The pound tumbled on Monday after deadlocked post-Brexit trade talks disappointed investors who had been hoping for progress towards a UK-EU deal over the weekend.
The negotiations over the future trading relationship were on a “knife-edge”, the Irish prime minister said on Sunday — putting the chance of an eventual agreement at 50 per cent. The EU’s chief negotiator, Michel Barnier, warned the bloc’s national ambassadors and parliamentary members on Monday that he could not “guarantee” that there would be a deal.
Sterling fell as much as 1.6 per cent against the US dollar to touch a two-week low just above $1.32, before picking up later in the day, leaving it 0.6 per cent lower at $1.3354 by late afternoon in London. Against the euro, the pound was down 0.8 per cent at €1.1002, having earlier fallen as much as 1.3 per cent.
“What we’ve had today is a dress rehearsal for a no-deal outcome,” said Trevor Greetham, head of multi-asset at Royal London Asset Management. “It reminds me of 2016 and the referendum, when the polls were close but the consensus was that it wasn’t going to happen.”
The UK currency had strengthened in the run-up to the weekend’s tense discussions, reflecting a weaker dollar along with traders’ belief that a deal would eventually be struck.
However, the impasse over the rules that would govern future competition between the UK and the EU — the so-called level playing field — as well as disputes over fishing rights had shaken that confidence, said strategists.
“Clearly, the market was complacent,” said Peter Kinsella head of FX strategy at Swiss asset manager Union Bancaire Privée. “Now, people are going to be trading on every headline for the next couple of days.” Sterling’s strength against the dollar over the past week had masked growing anxiety beneath the surface, with the price of options that protected investors against big swings in the currency climbing steadily, Mr Kinsella added.
Enduring hopes for a deal meant there was room for sterling to fall if eleventh-hour negotiations appeared to be going badly, which is “what we’re starting to see play out today”, said Mimi Rushton, co-head of global FX distribution at Barclays.
A reversion to World Trade Organization terms would be “problematic”, and was not priced in by the market, Ms Rushton added. The pound “certainly doesn’t hold the same safe-haven status that it was once afforded”, she said.
John Madziyire, a portfolio manager at Vanguard, said he was unsurprised by the falls in sterling because the market had recently “moved to be more optimistic”.
“Right now, I think most analysts actually expect a deal,” he said. “The market is not willing yet to price in a no-deal,” and would be hesitant to do so until there was definitive news of one, he added.
This could lead to a “huge cliff edge” at the end of the year, when the Brexit transition period ends.

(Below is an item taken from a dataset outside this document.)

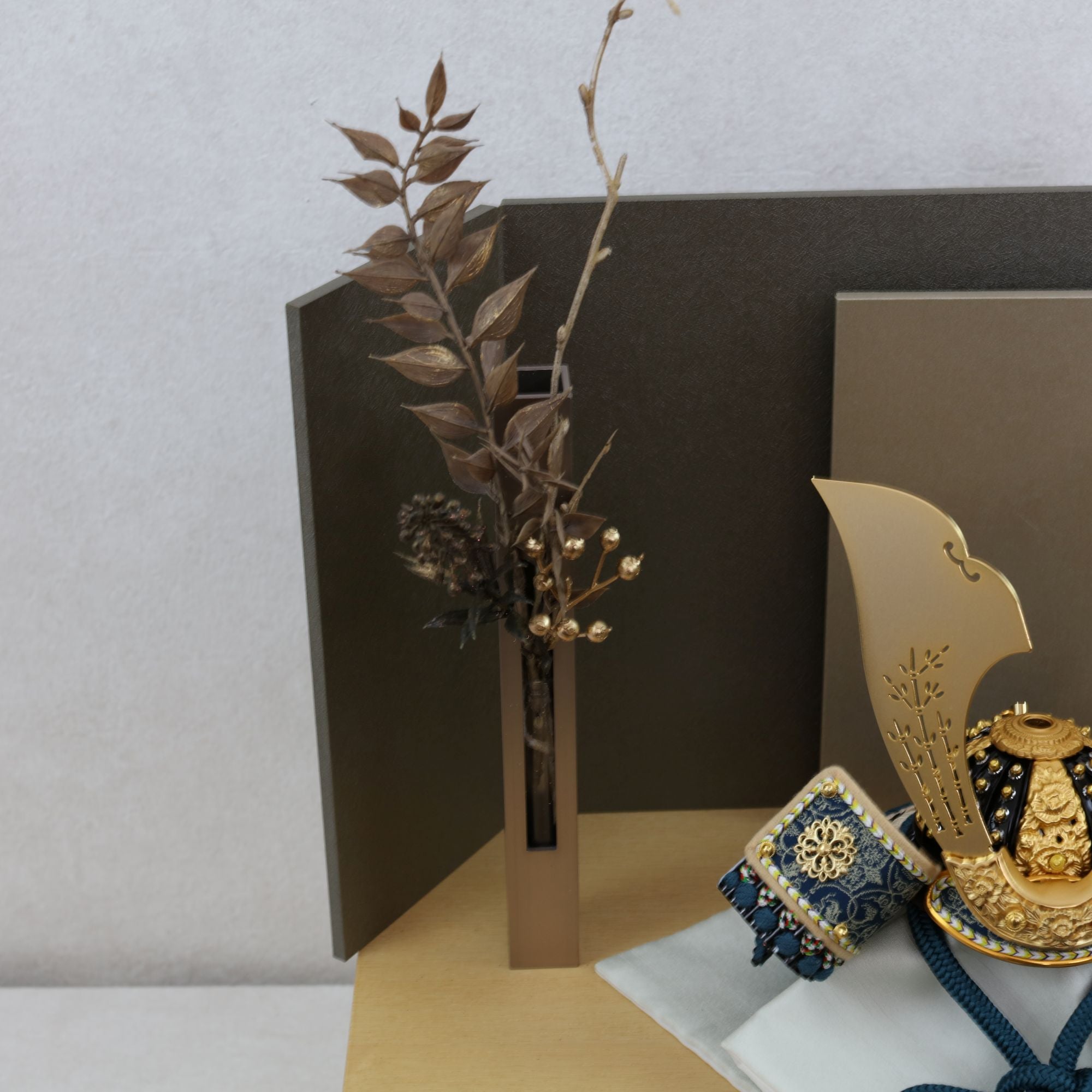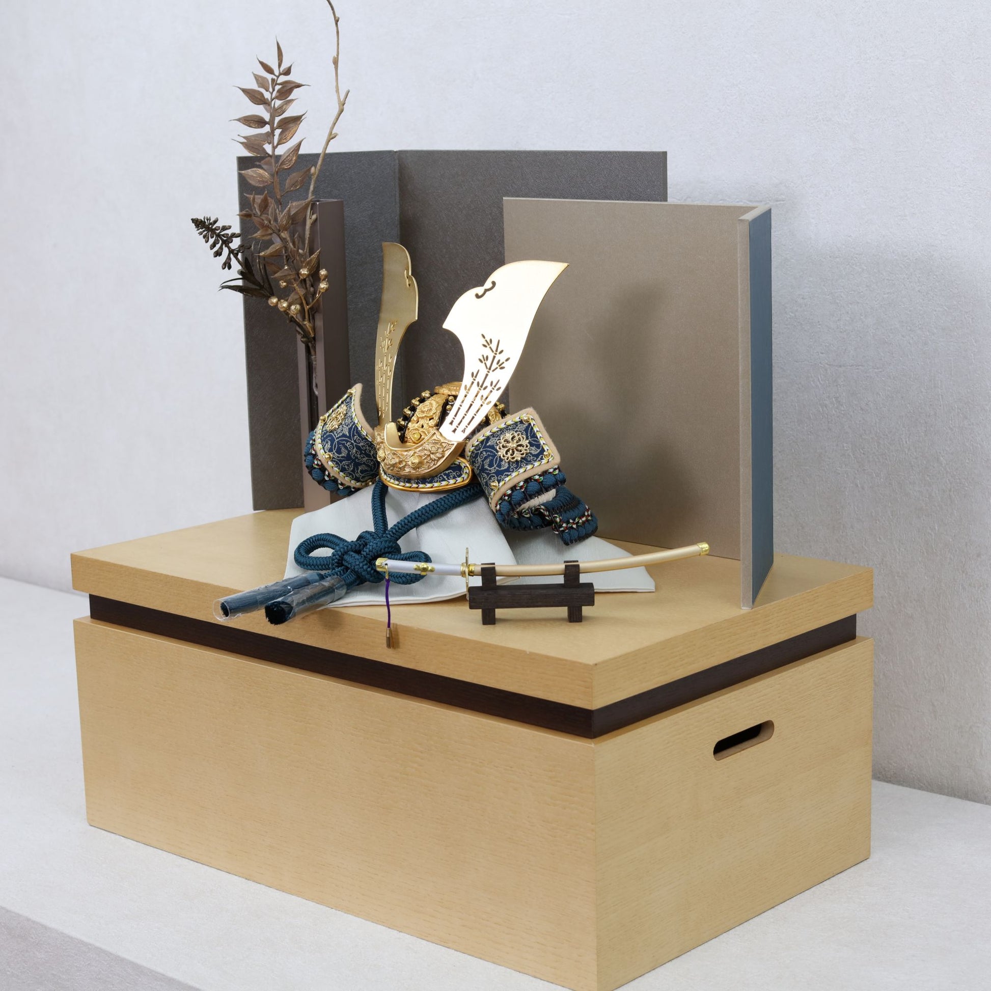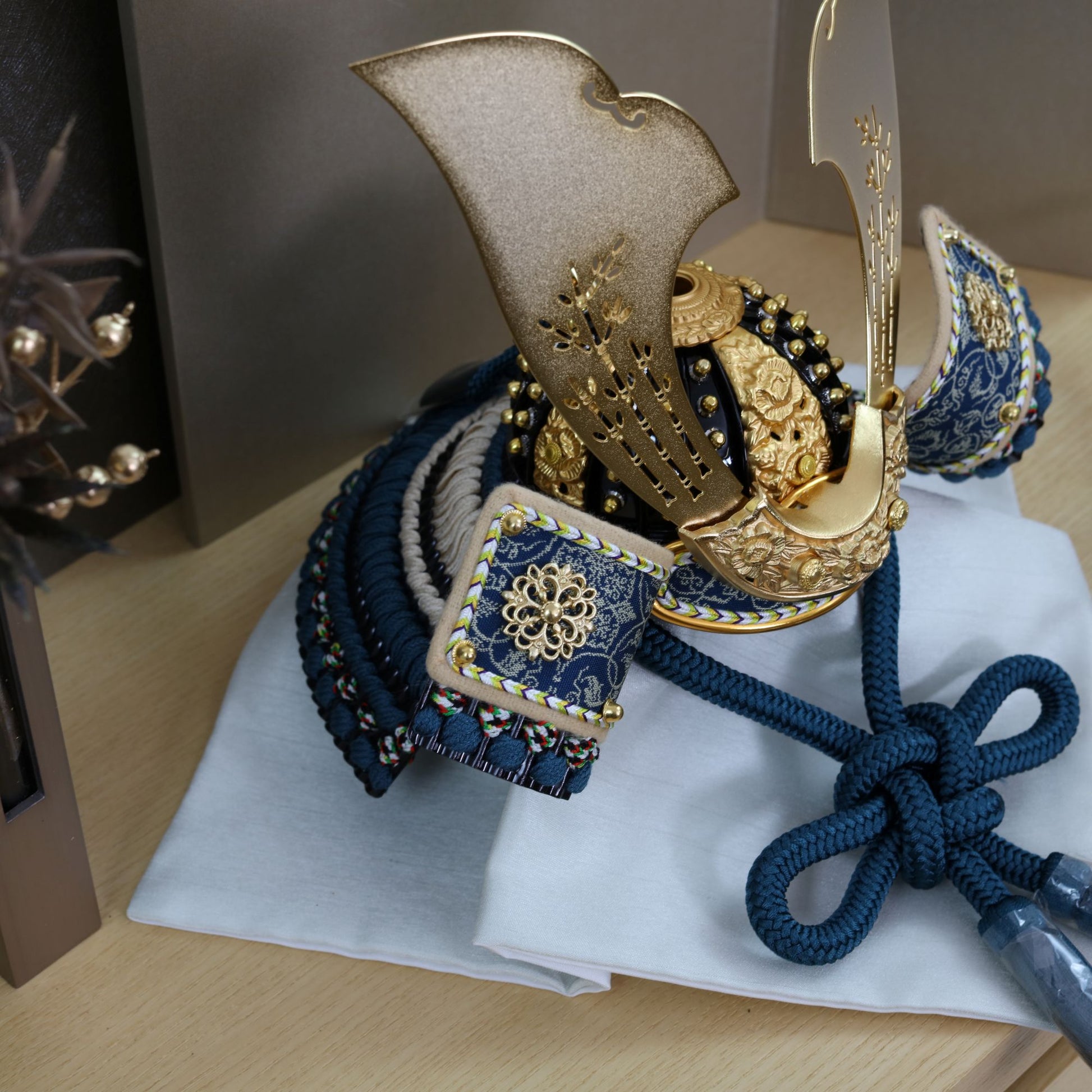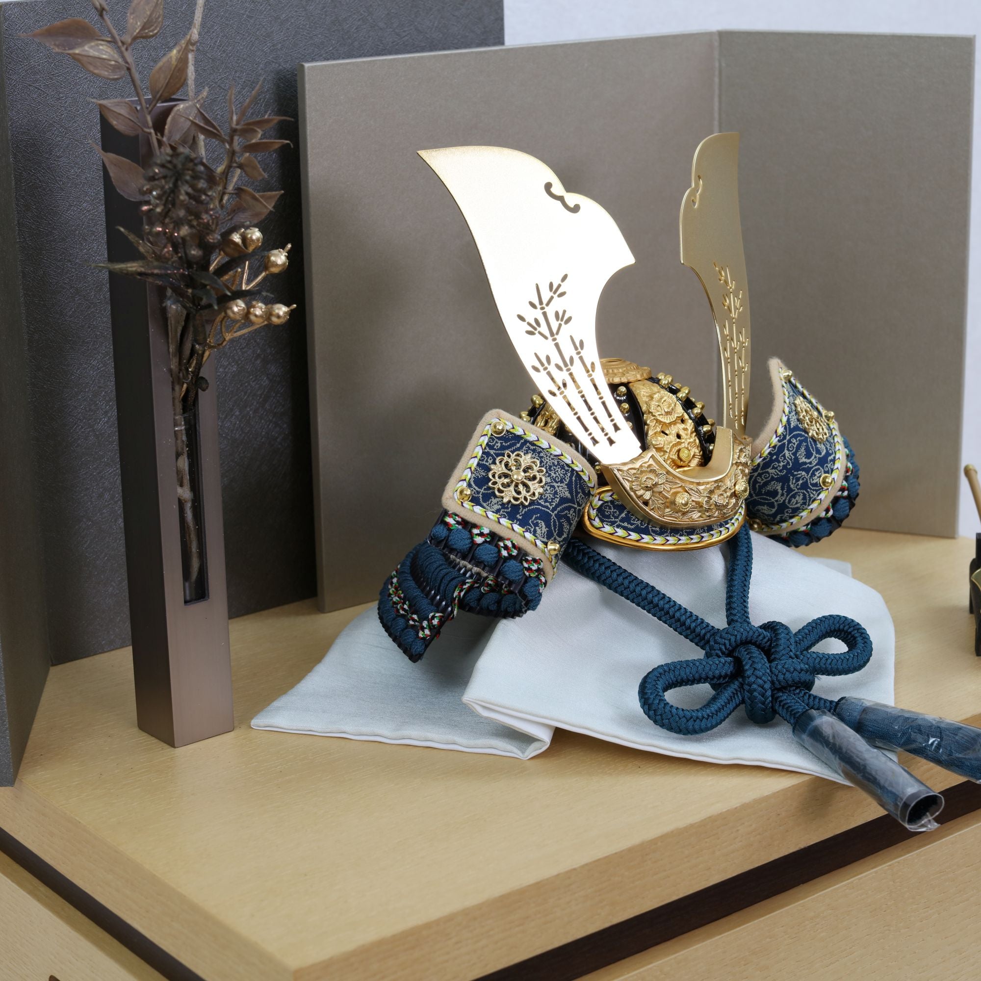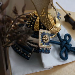 深い青緑の装いと金具の煌めきに寄り添い、上品で洗練された存在感を放つ鍬形です。

Without a deal, sterling could fall as low as $1.10, he said.
Investors trimmed their bets on a weaker pound last week, according to the latest data from the Commodity Futures Trading Commission. They had generally shied away from big large speculative positions on the currency in recent weeks, given the potential for volatility, said analysts.
“The market is reluctant to take on much risk at this stage. You could see some crazy moves in the next few days,” said Lee Hardman, a currency strategist at MUFG Bank.